Training for a sport involves both muscle and cardiovascular work. What you may not know is that sport specific training also requires brain training. Motor control is a term used to describe how the brain controls the body’s movement. It does this with every move you make, without exception.
When you move any part of your body, your brain helps you plan the move, and decides which muscles need to be fired and how the optimum trajectory of movement will occur. Try a new move once and your skill will be less than ideal. Try it over and over again and the new skill will eventually improve and get perfected. Remember the first time you rode your bike, tried to ski, swung a golf club or typed at a typewriter? If you practiced these skills over and over again, you would get better at your chosen activity. Practice does make perfect. There is another part of the movement equation that helps with skill acquisition even further, and that is motivation. Interestingly, practice without motivation and interest does not produce the same results. Motor control is the brain telling your muscles to move. Practice and motivation allows the movement you’re doing to be improved and fine-tuned. We call this process motor learning.
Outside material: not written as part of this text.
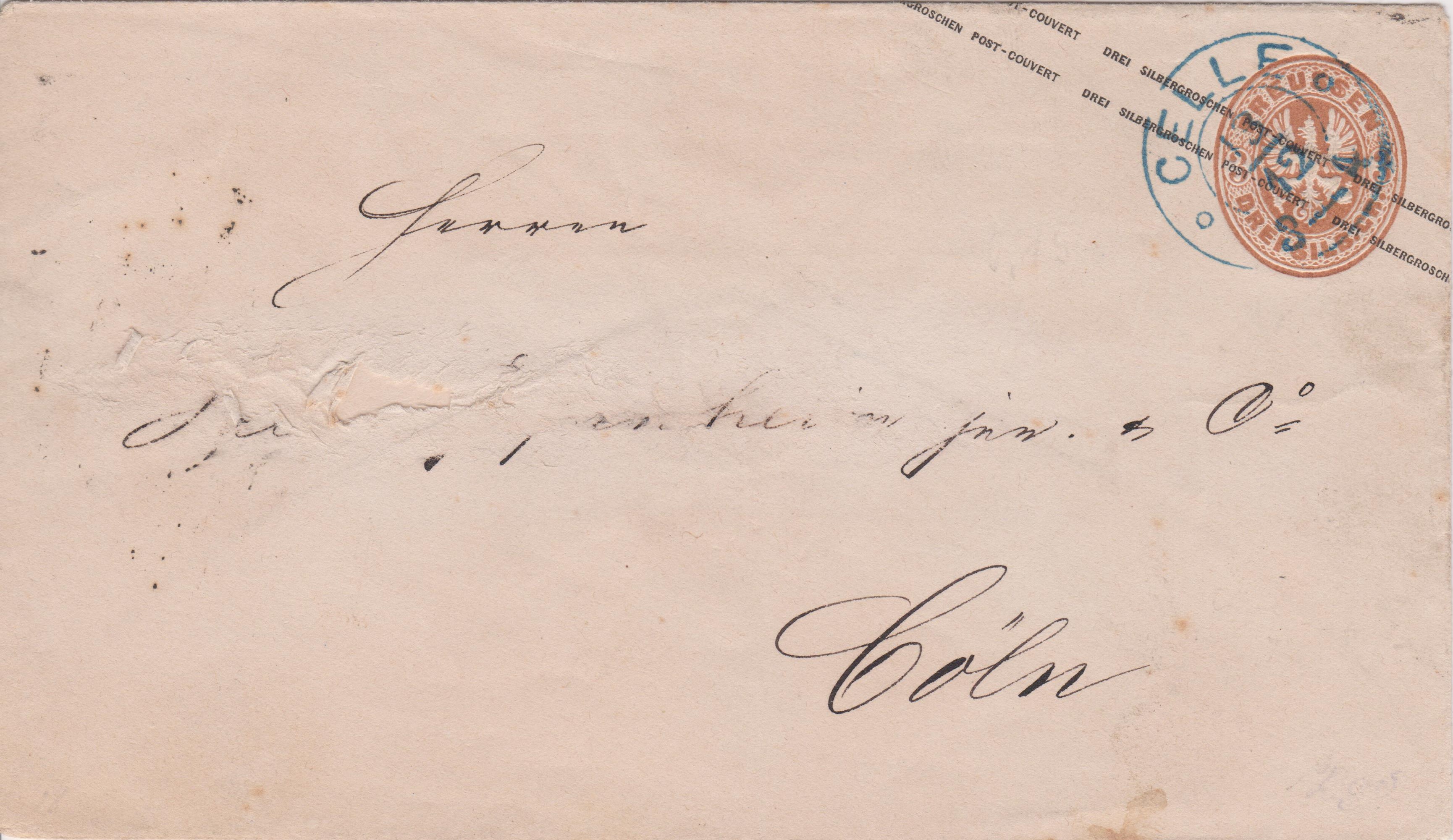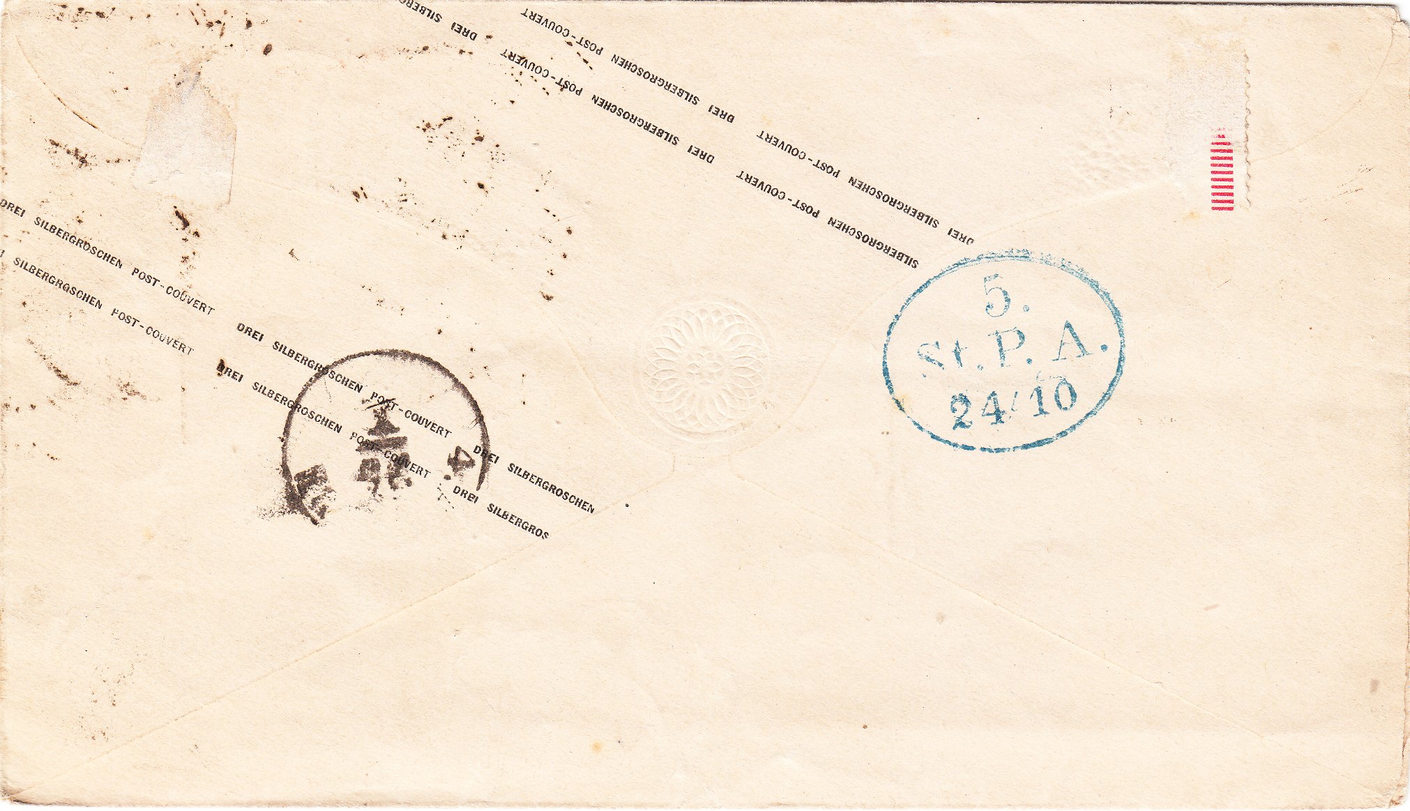 Dieses Exemplar wurde relativ spät verwendet und erst zur Zeit des Norddeutschen Bundes am 24.10.1867 in Hamburg in einen Briefkasten eingeworfen.

How does this translate to the fitness and rehabilitation world? If you want to get better at a given sport or activity using the principles of motor learning, it is better to do movements in your exercise program that closely mimic the sport you are training for so that motor learning can occur. When you do this, you are improving your motor control, your brain’s ability to move your body for the desired sport. If downhill skiing is your chosen goal, then strengthening your quads using the leg extension machine may not be enough. Even lunges and squats, which are great overall leg strengthening exercises, may not be sufficient. Instead try squatting on an inclined surface, simulating the incline of a ski hill. Better still, make the incline surface unstable, to improve balance. If moguls and steeps are your passion, work on jumping and squatting, which are skills necessary when the steep or uneven terrain demands these body movements.
If road biking is your sport and winter cycling is not ideal, practicing on a road bike mounted on an indoor surface such as a computrainer, is far better than using a recumbent stationary bike. Keeping the exercise and equipment similar to the form you use in your sport is very helpful.
For optimum motor learning to occur, the muscles you are training should be utilized in the way they function in your sport, not in isolation or in non-sport specific movement patterns. Remember that to improve and train for a sport, you must train your muscles and your brain. Motivation is always a key element in making the training work resulting in long-term brain training results.
Train your brain, train the movement, train the muscles, be keen and practice. That’s the recipe for success in mastering your favorite sport.